If you were to attend any cardio-based exercise class you would hear a familiar message

we’ve been getting for years: As long as you get on that bike or treadmill, you can keep indulging — and still lose weight. It’s been reinforced by doctors, fitness gurus, celebrities, food and beverage companies like Pepsi and Coca-Cola, and even public-health officials. Countless gym memberships, fitness tracking devices, sports drinks, and workout videos have been sold on this promise.

There’s just one problem: This message is not only wrong, but it’s also leading us astray in our fight against obesity.

Over the last five years since I opened the clinic, I have read through more than 80 studies on exercise and weight loss. I have spoken to countless, nutrition, and obesity researchers. Here’s what I learned;

Despite the current advice, exercise is pretty unhelpful for weight loss.  While 100% of the energy we gain comes from food, we can only burn about 10 to 30 percent of it with physical activity each day.

Physical activity seems to set off a cascade of changes that affect how much you eat, how many calories you use, and, in turn, your body weight.  How these effects vary among people isn’t clear and is the subject of much scientific debate.

Don’t expect to lose a lot of weight by ramping up physical activity alone.  While exercise is hugely important for overall health, how much and what we eat has a much bigger impact on our waistline.

We have an obesity problem.  But we shouldn’t treat low physical activity and eating too many calories as equally responsible for it.  Public-Health policies should prioritise fighting over-consumption of low-quality food and improving the “food environment”.

So if exercise is not the answer, what actually works for weight loss?

At the individual level, some good research on what works for weight loss comes from the American organisation, the National Weight Control Registry.  They have analysed the traits, habits, and behaviours of adults who have lost at least 30 pounds and kept it off for a minimum of one year. They currently have more than 10,000 members enrolled in the study, and these people respond to annual questionnaires about how they’ve managed to keep their weight down.

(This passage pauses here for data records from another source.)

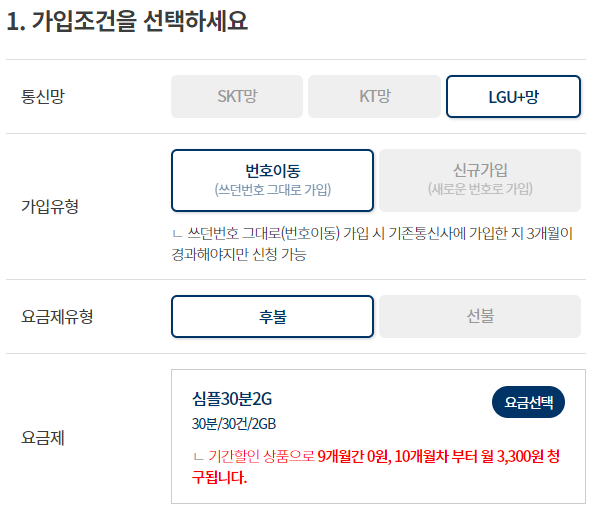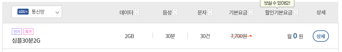 내가 이번에 신청한 요금제는 LGU+의 심플30분2G
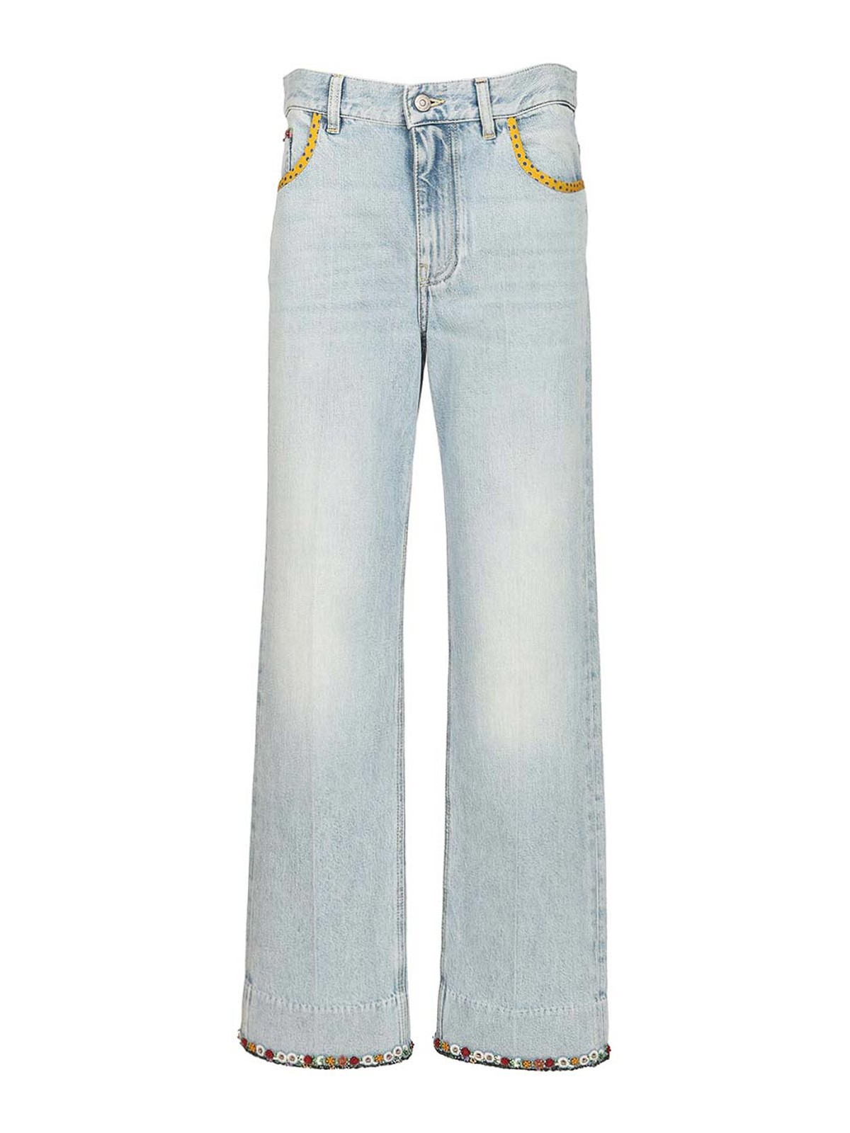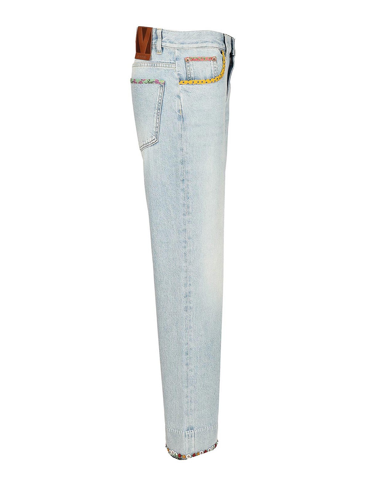 フラワートリムが刺繍されたデニムパンツ。ボタンとジッパー付きのフロントファスナー。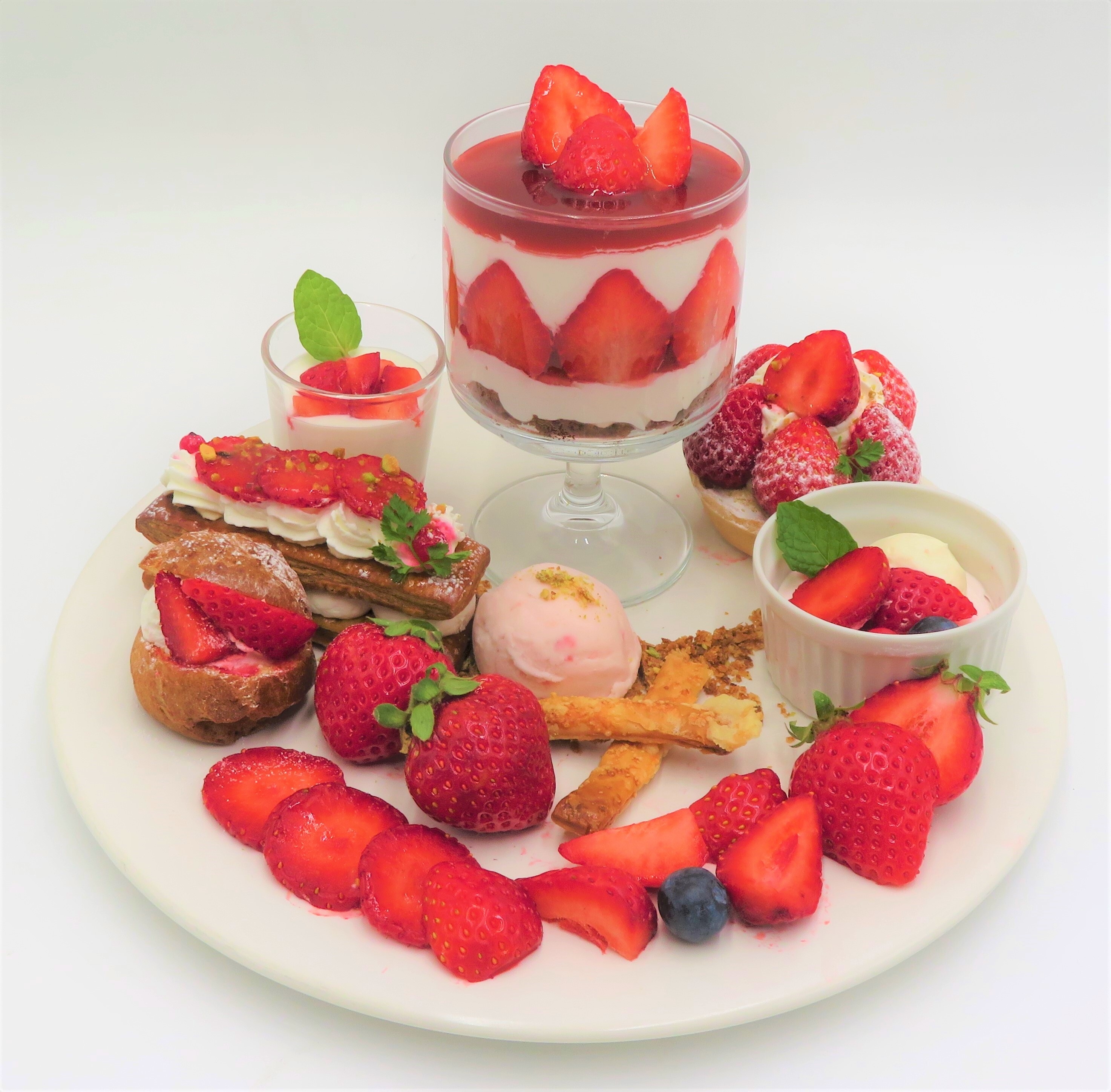 昨年ご好評いただきましたミルフィーユやタルトに加え、今年はいちごムースやプチシュー、バージョンアップしたパフェもお楽しみいただけます。旬のいちごをたっぷりと様々なスイーツでお楽しみいただけるお得なプレートです。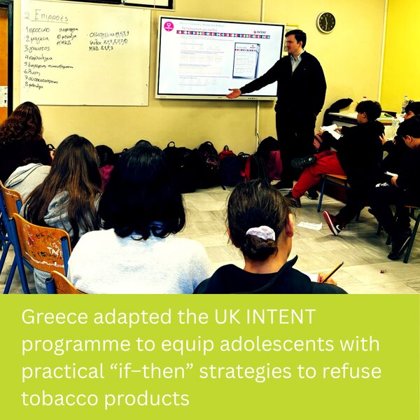 With strong school partnerships and a teacher-led delivery model, the adapted INTENT intervention shows promise as a scalable approach to adolescent tobacco prevention within Greece’s education system.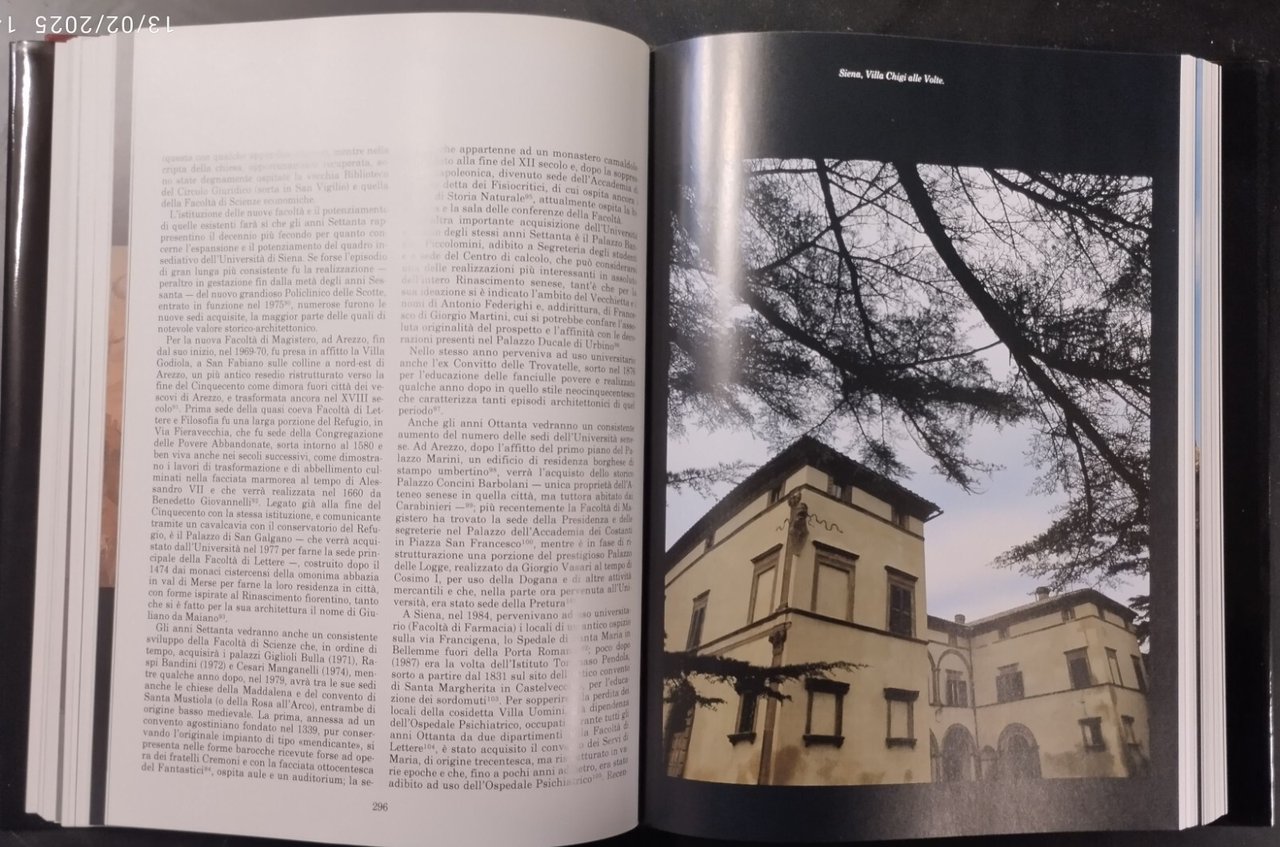 L'UNIVERSITÁ DI SIENA 750 ANNI DI STORIA, testi di Mario Ascheri, Elena Avanzati, Duccio Balestracci, Luigi Borgia, Attilio Brilli, Alberto Bruno, Antonio Cardini, Marco Ciampolini, Floriana Colao, Peter Denley, Gianfranco Fioravanti, Monica Folchi, Francesca Fumi Cambi Gado, Michael Kiene, Nicoletta Maraschio, Giovanni Minucci, Italo Moretti, Stefano Moscadelli, Paolo Nardi, Cinzia Parrini, Ettore Pellegrini, Gabriella Piccinni, Teresa Poggi Salani. Monte dei paschi di Siena Editore, 1991 . 597 pagine, innumerevoli fotografie in bianco e nero e a colori nel testo . Copertina editoriale in tutta tela con sovraccoperta. Stato di conservazione: QUASI NUOVO Libro usato saggistica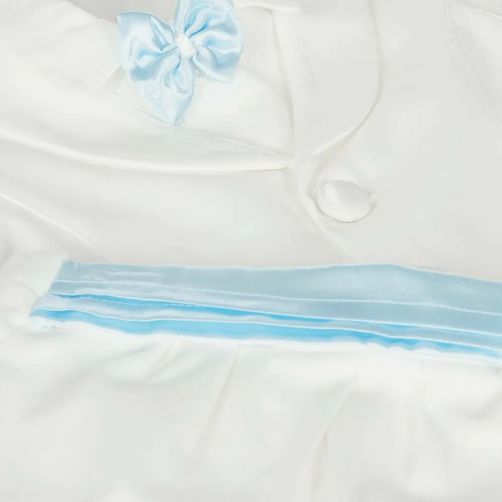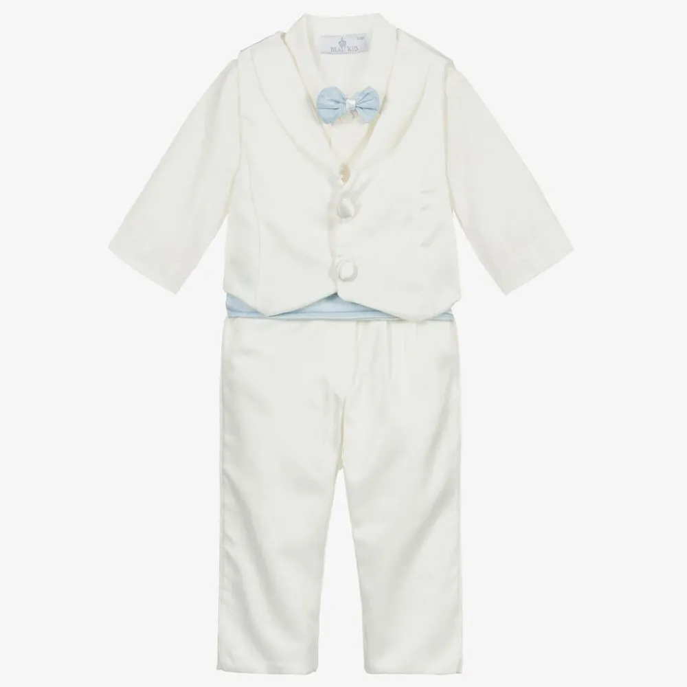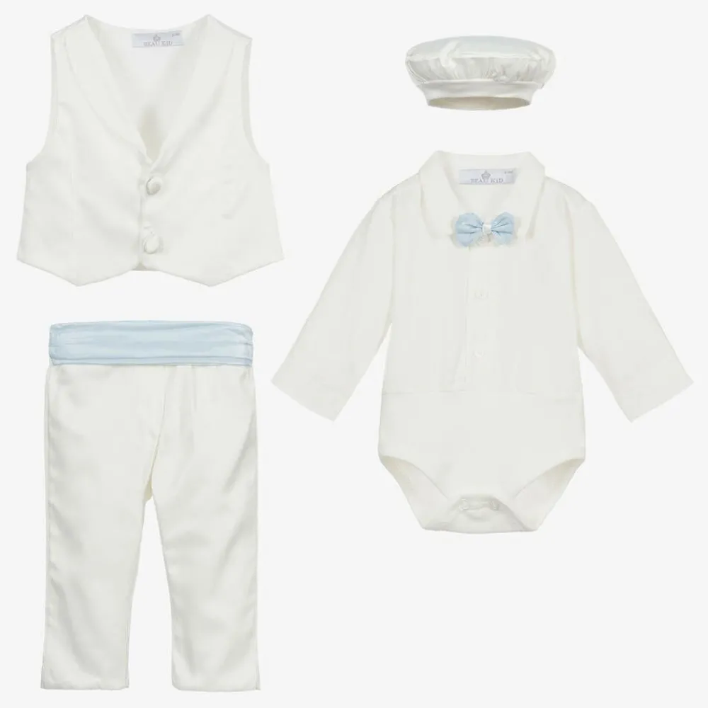 Smart ivory waistcoat suit for baby boys by Beau Kid. The lightweight bodyvest has an attached pale blue bowtie and stretchy jersey lower part which fastens with poppers and will stay neatly tucked in. The sateen trousers have an attached blue cummerbund and have an elasticated waistband for comfort. The matching sateen waistcoat fastens with buttons, and there is a hat to complete the outfit.

The researchers behind the study found that people who have had success losing weight share a few things in common: They weigh themselves at least once a week. They restrict their calorie intake, stay away from high-fat foods, and watch their portion sizes. They also exercise regularly.

But note: These people use physical activity in addition to calorie counting and other behavioural changes. Every reliable expert I’ve ever spoken to on weight loss says the most important thing a person can do is to limit calories in a way they like and can sustain, and focus on eating healthfully.

In general, a diet with exercise can work better than calorie cutting alone, but with only marginal additional weight-loss benefits.

If you embark on a weight-loss journey that involves both adding exercise and cutting calories, do not count those calories burned in physical activity toward extra eating. You would be better advised to pretend you didn’t exercise at all. You will most likely compensate anyway, so think of exercising just for health improvement but not for weight loss.